Bush stresses war on terror

President Bush yesterday said the race for the White House comes down to “clear choices” between him and John Kerry on five issues: “your family’s security, your budget, your quality of life, your retirement and the bedrock values that are so critical to our families and our future.”

Despite his new stump speech on tax cuts, education spending, Social Security reform and abortion, Mr. Bush still leaned heavily on a single topic — the war on terror — the issue his campaign thinks the president must emphasize to win re-election.

“The enemies who killed thousands of innocent people are still dangerous and determined to strike us again,” Mr. Bush said in Wilkes Barre, Pa. “The outcome of this election will set the direction of the war against terror, and in this war there is no place for confusion and no substitute for victory.”

In Milwaukee, Mr. Kerry, facing a potential gender gap of “security moms,” yesterday told an audience of Wisconsin women that he would end the culture of worry over domestic issues such as wages and college costs that Mr. Bush has created.

“America never was a country that had to live with that kind of worry, and we deserve to be a country that doesn’t have to in the future,” he said. “Today, for far too many women, the American dream seems a million miles away because you’ve barely got time to sleep, and when you’ve barely got time to sleep, you’ve barely got time to dream.”

Repackaging his stump speech for this audience, Mr. Kerry reduced his references to national security. He briefly mentioned his intention to hunt down and kill terrorists, which drew scattered applause, and his commitment to work with allies, which drew a much broader round of applause.

Instead, he said, Americans, and women in particular, face increasing domestic pressures.

“They work hard every single day, every single night, but still each new day brings on a new set of worries,” the Massachusetts Democrat said. “Worry, when their children go out to play, that they might get injured and health insurance won’t cover it; that elderly parents can’t afford prescription drugs; that jobs will be lost; and that they can’t afford college tuitions.”

A new Bush campaign ad that began airing yesterday, called “Wolves,” criticizes Mr.
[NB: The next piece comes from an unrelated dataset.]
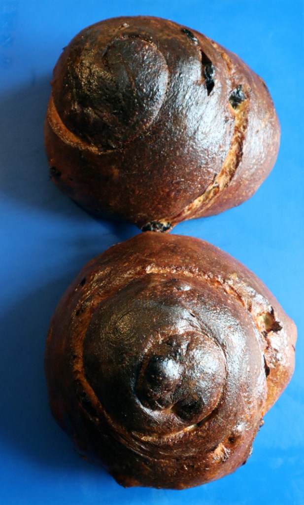 My Pico settings: 2 x 940g doughs; 250C top, 220C bottom; steam 15 minutes, vent and reduce to 220C top, 200C bottom; 40 minutes total. Baked on tray. Egg washed before baking and after 15 minutes and 30 minutes.
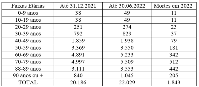 Inicialmente, é possível verificar que as mortes derivadas da Covid-19 nas faixas etárias jovens, até os 40 anos, são inferiores a 5% do total documentado no primeiro semestre de 2022. Contudo, isso não quer dizer que elas não estejam ocorrendo neste grupo de pessoas.

Kerry for voting to cut defense and intelligence spending.

“In an increasingly dangerous world, even after the first attack on America, John Kerry and the liberals in Congress voted to slash America’s intelligence operations by $6 billion,” the ad’s narrator said over video of a wolf lurking in the woods.

“Cuts so deep they would have weakened America’s defenses,” the ad continues. “And weakness attracts those who are waiting to do America harm.”
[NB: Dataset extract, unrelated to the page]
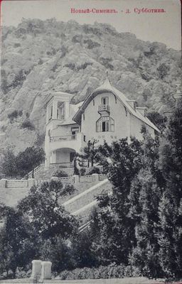 Engineer K.L. Subbotin designed the mansion, which military engineer General Major Y.P. Semenov constructed before 1912 on plot 30b of New Simeiz.

The ad was inspired by Ronald Reagan’s “Bear in the Woods” ad in 1984, accusing Democrat Walter Mondale of being too liberal to deal with the threat of Soviet communism.
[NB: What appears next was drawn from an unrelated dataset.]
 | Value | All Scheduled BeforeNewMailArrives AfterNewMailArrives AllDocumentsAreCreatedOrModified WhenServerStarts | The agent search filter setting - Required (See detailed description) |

Mr. Bush, speaking to a crowd of about 15,000 in this heavily Democratic northeast corner of Pennsylvania, aggressively painted Mr. Kerry as unable to take the actions necessary to protect Americans from another catastrophic terrorist attack.

“His top foreign policy adviser has questioned whether it’s even a war at all, saying that’s just a metaphor, like the war on poverty,” Mr. Bush said. “I’ve got news: Anyone who thinks we are fighting a metaphor does not understand the enemy we face and has no idea how to win the war and keep America secure.”

The Kerry campaign responded sharply, saying that despite Mr. Bush’s claims that he has killed or captured three-fourths of the al Qaeda leadership, “the organization is resurging and morphing.”